### Problem to work on
Print the data below exactly as it stands, and keep the pictures out.

### Information provided
/---
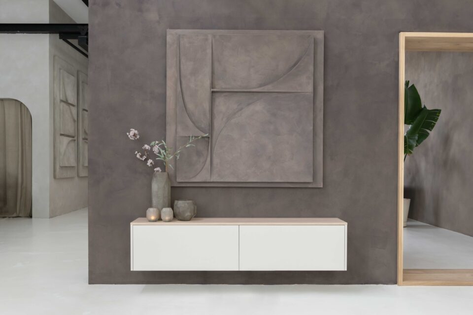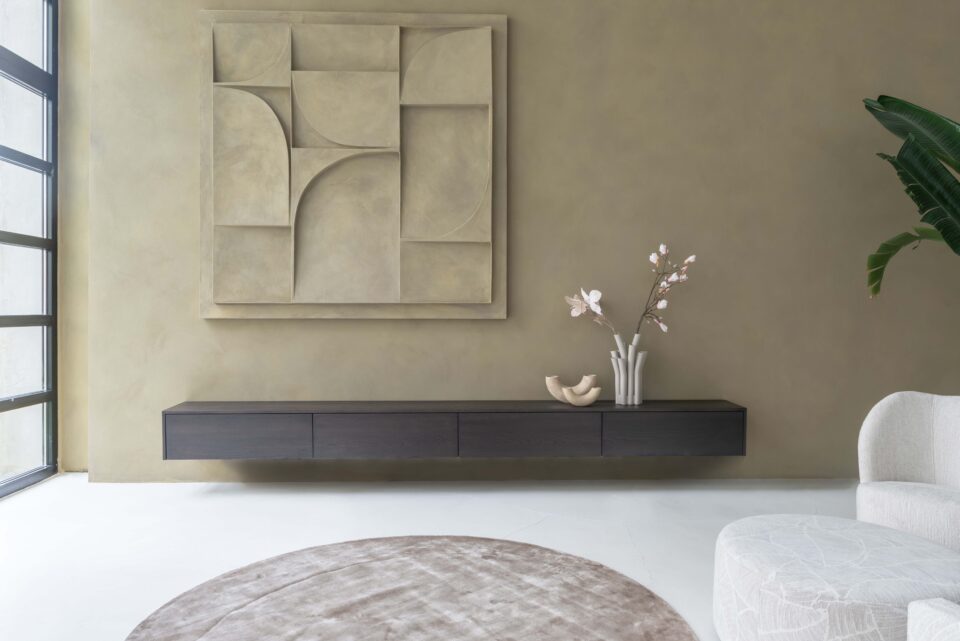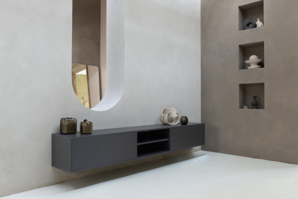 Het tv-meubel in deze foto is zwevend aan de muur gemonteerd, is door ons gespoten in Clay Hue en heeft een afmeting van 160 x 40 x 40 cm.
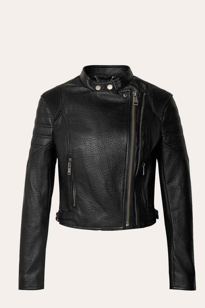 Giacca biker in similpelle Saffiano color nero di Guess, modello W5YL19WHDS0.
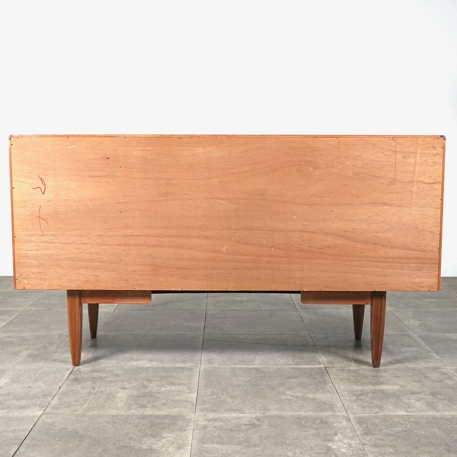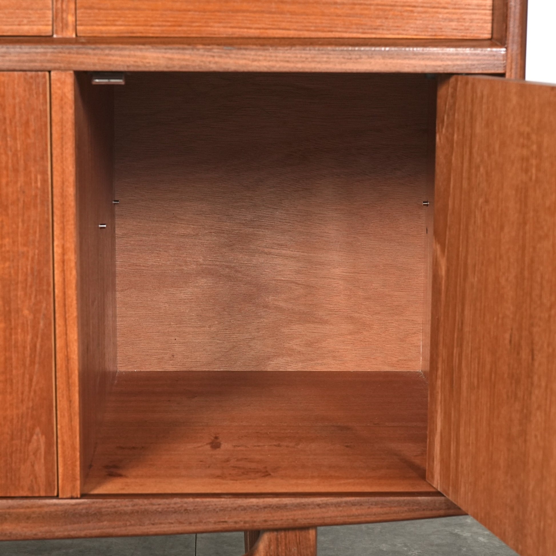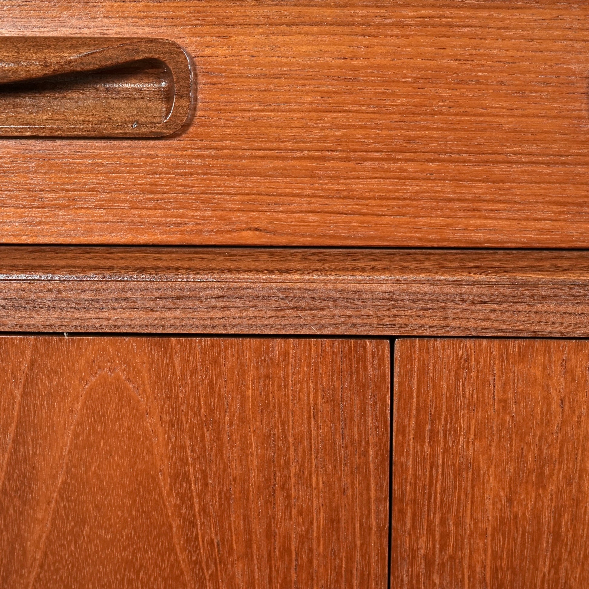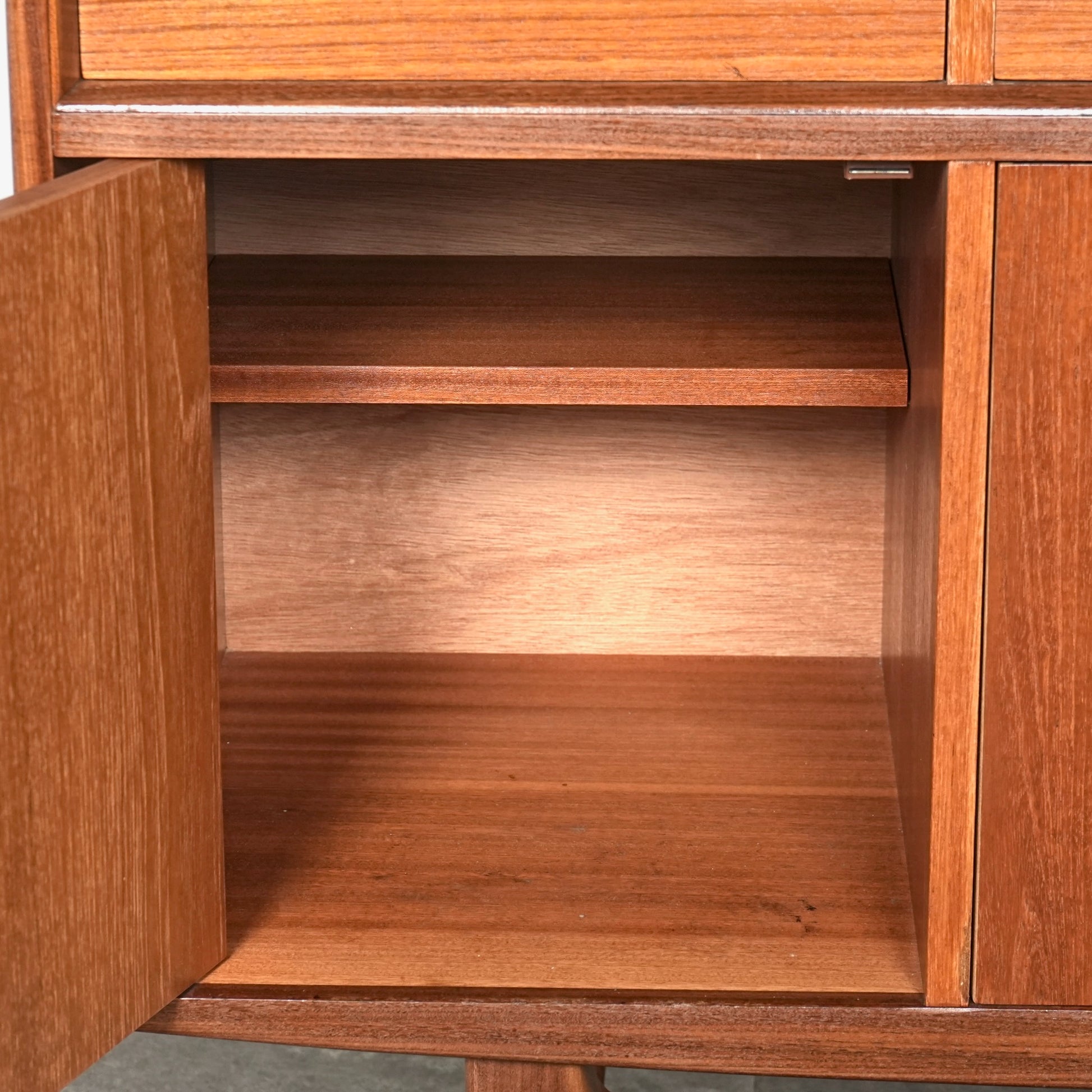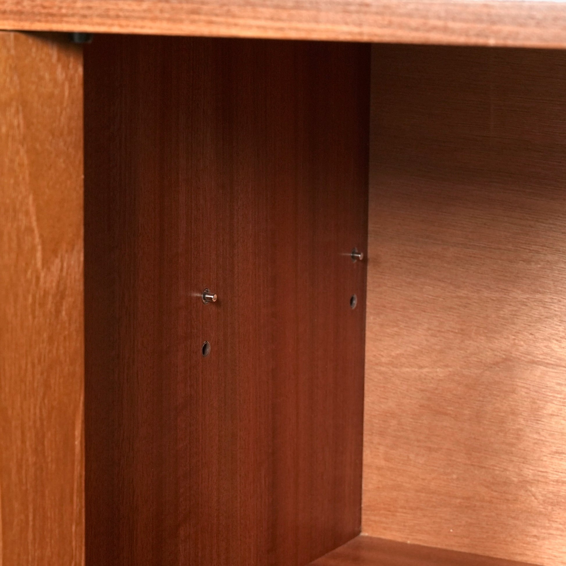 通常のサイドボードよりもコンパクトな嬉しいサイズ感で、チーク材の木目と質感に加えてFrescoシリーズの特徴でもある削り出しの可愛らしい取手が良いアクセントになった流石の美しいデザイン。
\---
### Response for this exercise
 Het tv-meubel in deze foto is zwevend aan de muur gemonteerd, is door ons gespoten in Clay Hue en heeft een afmeting van 160 x 40 x 40 cm.
 Giacca biker in similpelle Saffiano color nero di Guess, modello W5YL19WHDS0.
 通常のサイドボードよりもコンパクトな嬉しいサイズ感で、チーク材の木目と質感に加えてFrescoシリーズの特徴でもある削り出しの可愛らしい取手が良いアクセントになった流石の美しいデザイン。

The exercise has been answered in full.